The unknown impurities detected from the UV trace of the pramipexole tablet analysis have been profiled using UPLC-HRMS. Based on the acquired m/z data, fragmentation pattern, and knowledge of the formulation process involved, it is suspected that the unknown impurities were enriched due to the addition of mannitol. An incompatibility study was conducted to simulate the reaction between pramipexole dihydrochloride monohydrate with mannitol in heated conditions. The obtained impurities product from the incompatibility study matched the origin analyzed data of the UV-trace. Thus, it has been proposed that the unknown impurities are a product(s) of pramipexole dihydrochloride monohydrate and mannitol, following the Maillard reaction between pramipexole and reducing sugar impurities of mannitol.

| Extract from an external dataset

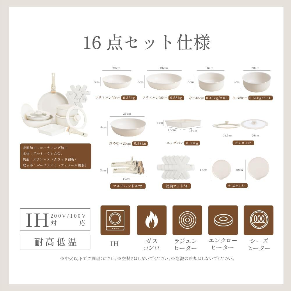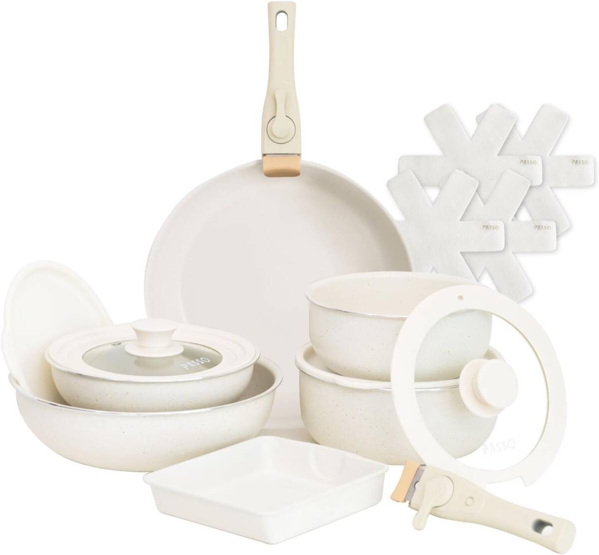 フライパン セット 16点 ih ガス火対応 取っ手が取れる 鍋セット 蓋付き 軽い キッチン用品 食器 調理器具 passo-nset16

From all the docking and molecular dynamics simulation data, we can conclude that both identified impurities of pramipexole, which were pramipexole mannose adduct and pramipexole ribose adduct, would unlikely to interact with the active binding site of pramipexole in dopamine receptors D2 and D3 protein compare to pramipexole itself.

Data Availability

The data used to support the findings of this study are included within the article.

Conflicts of Interest

The authors declare that they have no conflicts of interest.

Acknowledgments

The authors thank all the individuals and institutions who made this research possible. This research was financially supported by PT Dexa Medica.